Abstract ID: 844
Part of Session 172: Urban Language Conflict (Other abstracts in this session)
Authors: Van Mensel, Luk
Submitted by: Van Mensel, Luk (Université de Namur, Belgium)
With processes of globalisation and urbanisation causing shifts in the status and power of ‘traditional’ language communities, we can expect members of linguistic elites belonging to these communities to look for new ways of maintaining their status. One way of doing this is through a “celebration of fusion and hybridity” (Heller 2001), which (perhaps only superficially) stands in opposition to a monolingual ideology. However, other members of the existing elite may deny the legitimacy of this linguistic hybridity, and conflict may thus arise not only between but also within established language groups.
In Brussels, the capital of Belgium, which is officially bilingual but effectively multilingual (Janssens 2007), French is still used as a lingua franca, but its status has declined in favour of English and Dutch. The opposition between the two official language communities - French and Dutch - remains strong in politics and the media, and it is still institutionally enshrined. But although Brussels has turned into a multilingual city, it appears a difficult endeavour for its inhabitants to avoid being categorized into one of the pre-defined linguistic groups.

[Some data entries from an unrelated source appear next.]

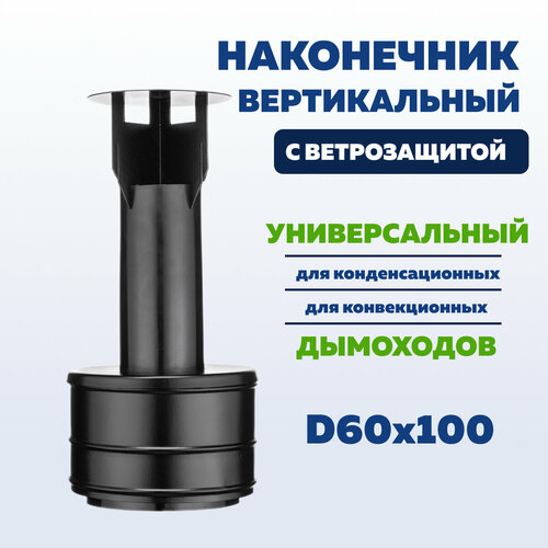 Наконечник коаксиального дымохода 60 х 100 мм вертикальный с ветрозащитой, оголовок терминала
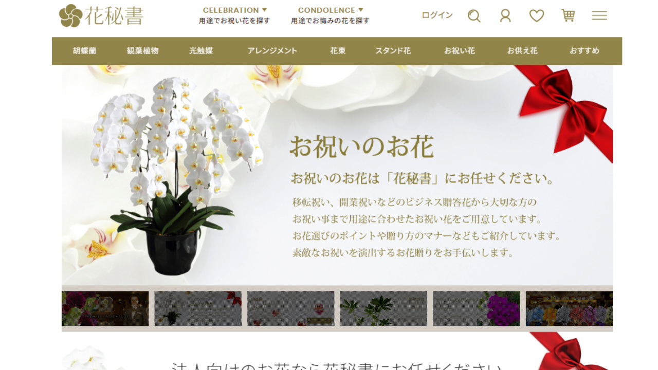 - 冠婚葬祭・法人用途・カジュアルギフトに対応できる汎用性・・開店・開業祝い、移転祝い、昇進祝い、母の日、新築祝い、供花など、さまざまな贈答用途に対応しているか。
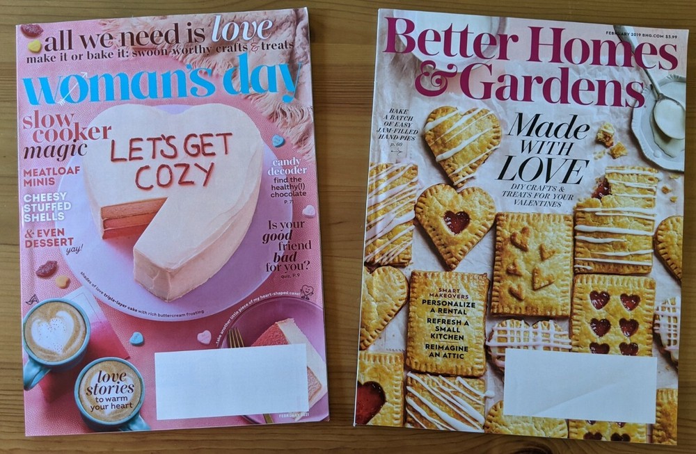 This listing is two February magazines to help you get ready for next Valentines Day. Both magazines are in good to very good condition. Features: Love stories to warm your heart Candy Decoder -- Healthy Chocolate Crafts & Treats Jam-Filled Hand Pies ....and much more!
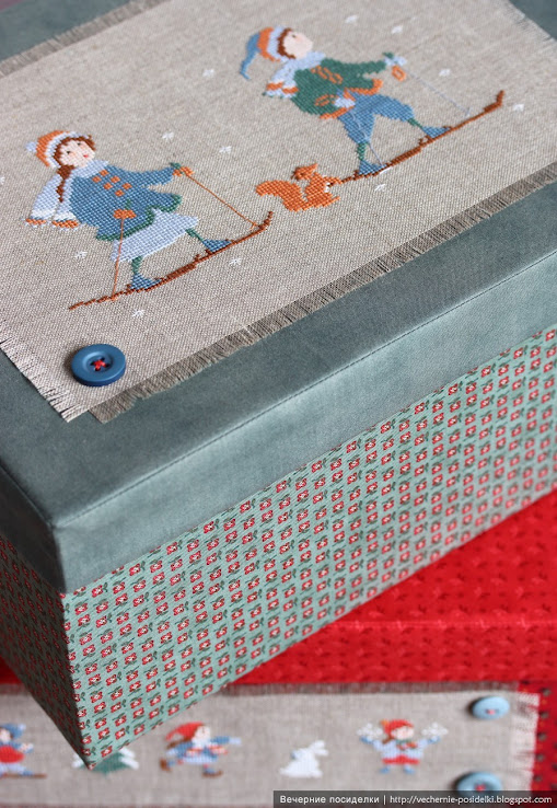 Коробки обтянуты тканью и украшены вышивкой. Оба дизайна от мастера по «человечкам» — Perrette Samouiloff. Так как они вызывают у меня стойкие ассоциации со старинными картинками, то и оформление соответствующее. С выдернутой бахромой и на пуговицах, причём разного размера, чтобы придать им некоторую небрежность, состаренность и может быть даже эффект временных ярлычков.
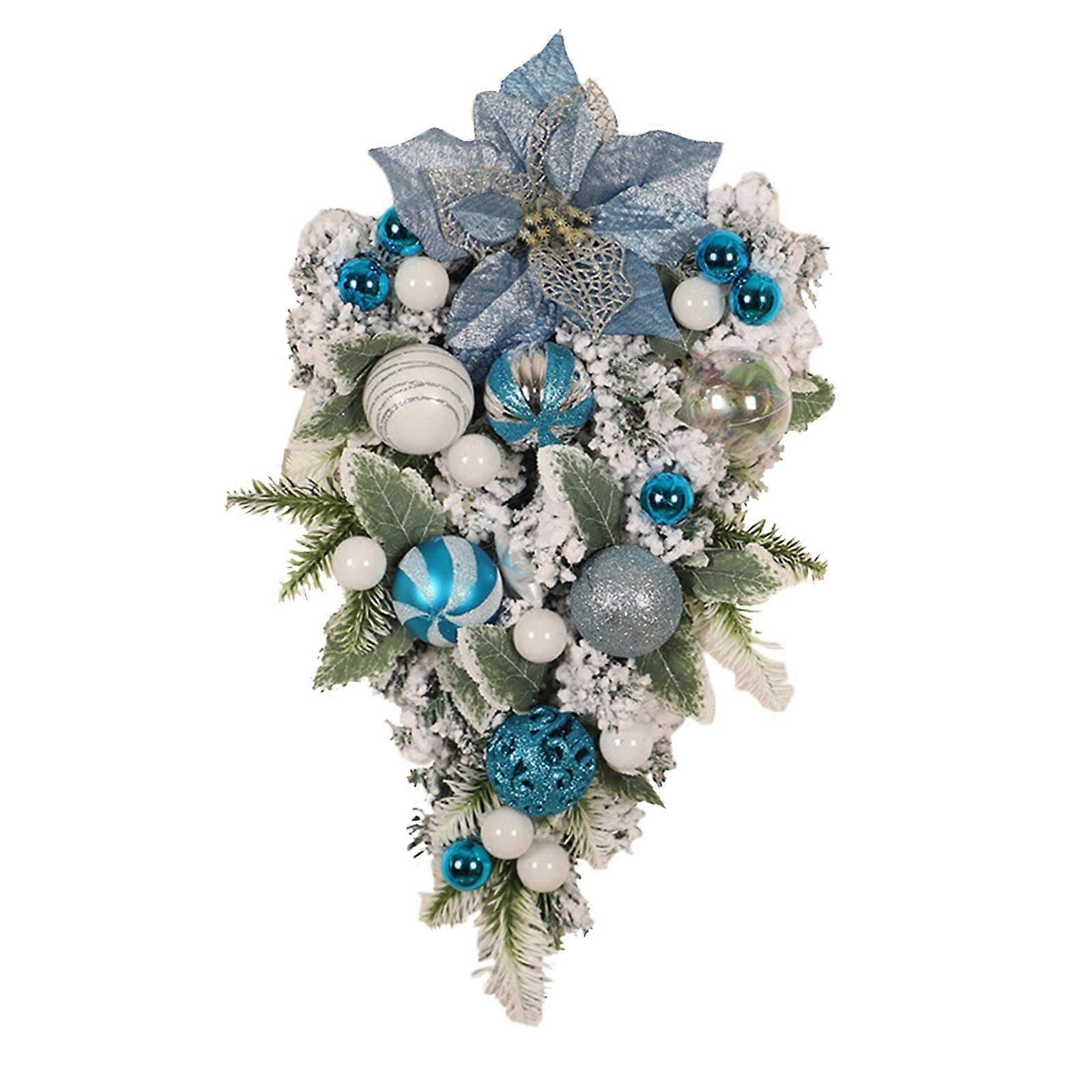 Merry Christmas Tree Door Sign, Xmas Holiday Farmhouse Wood Hanger Outdoor Porch Decor, Rustic Wreath with Plaid Bow & Red Berries
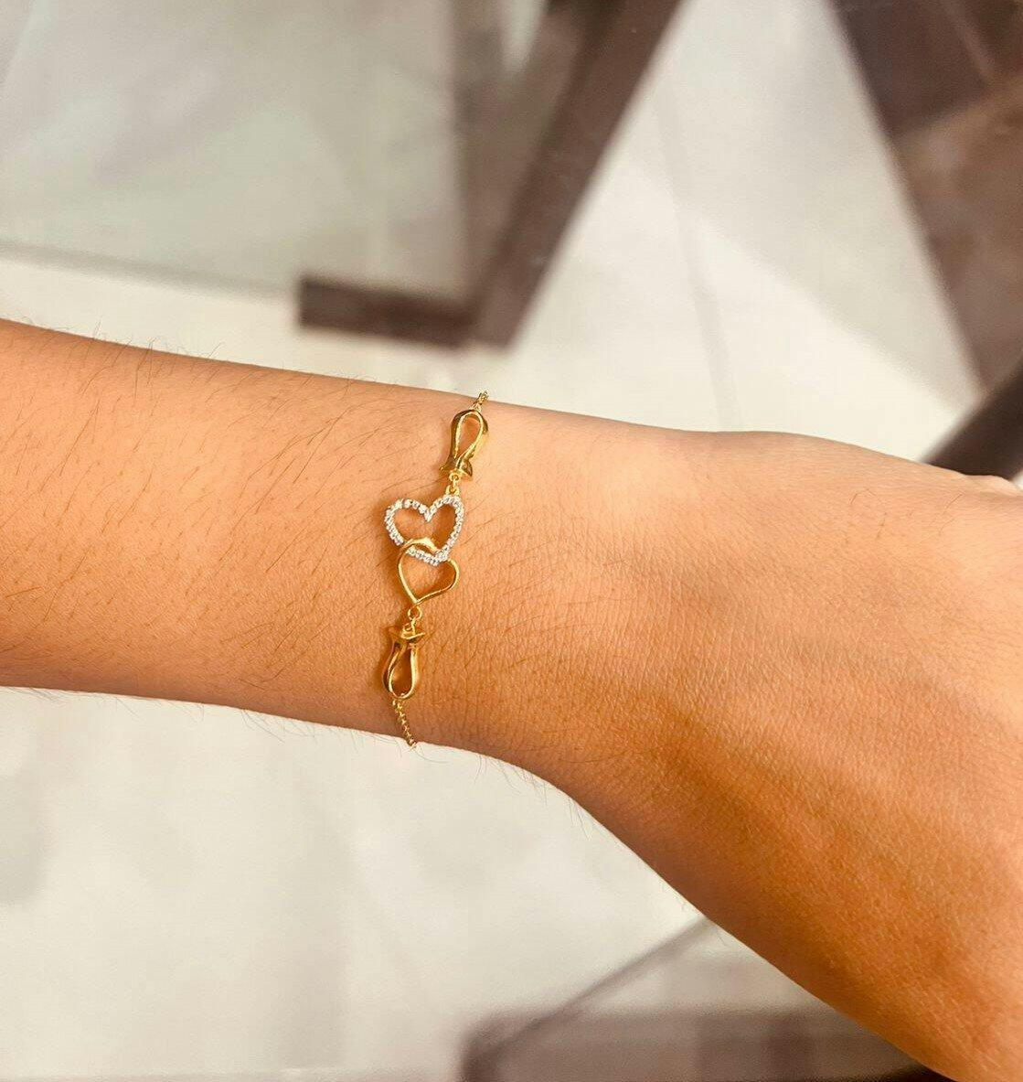 Wear a symbol of connection with this beautifully detailed bracelet. At its heart lie two interlocking shapes—one smooth gold and one paved with shimmering crystals—connected by graceful tulip motifs for a unique, flowy silhouette. Crafted in 18K gold vermeil on 925 sterling silver, it is anti-tarnish and hypoallergenic, making it safe and comfortable for sensitive skin. Lightweight and delicate, this piece adds a subtle romantic glow to your daily office attire or serves as a thoughtful gift for someone special.

In this paper, I will illustrate this through a detailed analysis of a narrative by a Francophone informant living in Brussels, in which he reports on the difficulties he experiences in claiming a (linguistically) hybrid identity for himself and his children. Adopting a discourse analytical approach, I aim to show how in this case, conflict is lived out within the individual on two levels: on the level of the in-group vs. the out-group, i.e. monolingual Flemish vs. monolingual French, on the one hand, and on the level of the Francophone group itself on the other. In this way, language conflict appears to reflect a struggle between competing discourses on language rather than between languages. A theory of language conflict should, in my view, take these issues into account, and I would argue in favour of a qualitative approach which focuses on how social actors deal with competing language ideologies, in order to uncover the complexities of language conflict as it emerges in contemporary urban settings.